After the tx confirms, the vault burns amount of each outcome’s ERC-1155 and credits amount USDC; the platform reflects the balance change with ~1-block lag and your /api/me/balances shows available += amount. Both SplitPosition and MergePositions use the same EIP-712 type shape on chain: 
{
  "<SplitPosition or MergePositions>": [
    { "name": "kind",            "type": "uint8"     },
    { "name": "collateralToken", "type": "address"   },
    { "name": "conditionId",     "type": "bytes32"   },
    { "name": "partition",       "type": "uint256[]" },
    { "name": "amount",          "type": "uint256"   },
    { "name": "salt",            "type": "uint256"   },
    { "name": "deadline",        "type": "uint256"   }
  ]
}
Binary-market only in MVP (outcomes == 2, partition [1, 2]).

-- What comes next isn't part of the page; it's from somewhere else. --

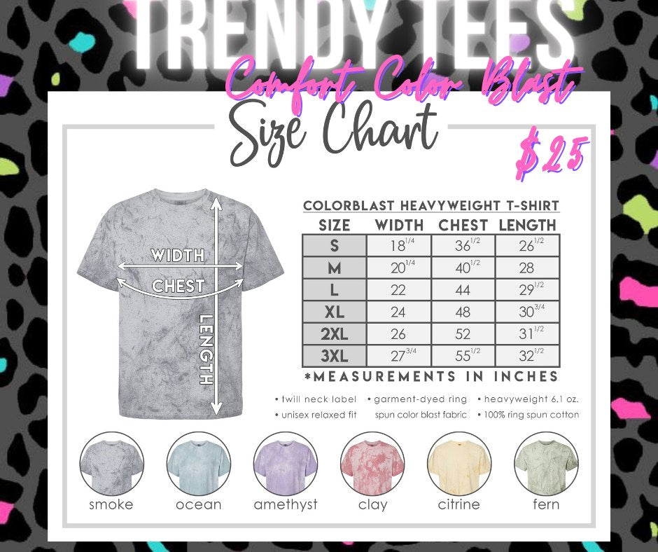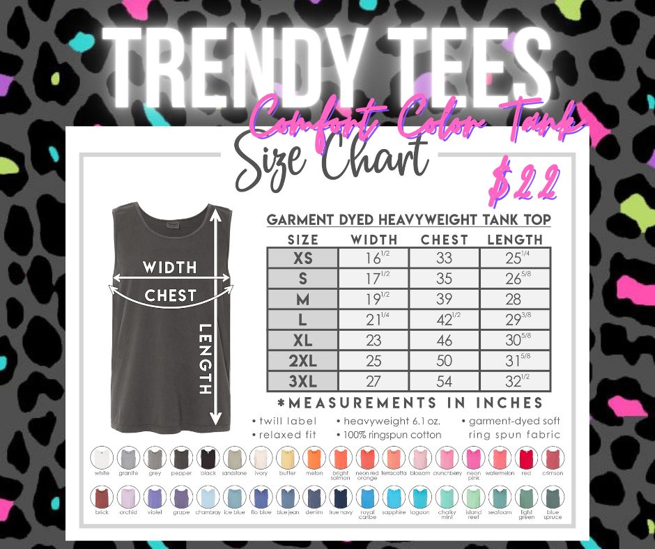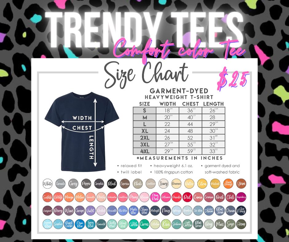 Utilize the chat in the bottom right corner of this page or send an email to trendyteesbyleslie@gmail.com should you have any questions!

Neg-risk N-outcome merges land on the NegRiskAdapter path later.

Emergency withdraw

initiateEmergencyWithdraw(ownerSig)       // starts 7-day timelock
// ... wait 7 days ...
emergencyWithdrawERC20(token, to, amount, ownerSig)
emergencyWithdrawERC1155(token, to, id, amount, ownerSig)
Backend can abort: 
cancelEmergencyWithdraw()

Digest invalidation

invalidateDigest(bytes32 digest) external onlyVaultOwner;
invalidateDigests(bytes32[] calldata digests) external onlyVaultOwner;

Why EIP-1167 minimal proxy

  • Gas-cheap deployment (~45k gas vs ~2M for a full copy).
  • Non-upgradeable — implementation pinned, admin can’t hot-patch.
  • Bug mitigation requires new factory + user-driven emergency withdraw.

EIP-712 domain

name: "PredictStreetVault"
version: "1"
chainId: <chain>
verifyingContract: <your vault clone address>
Note verifyingContract is the vault address, not the factory.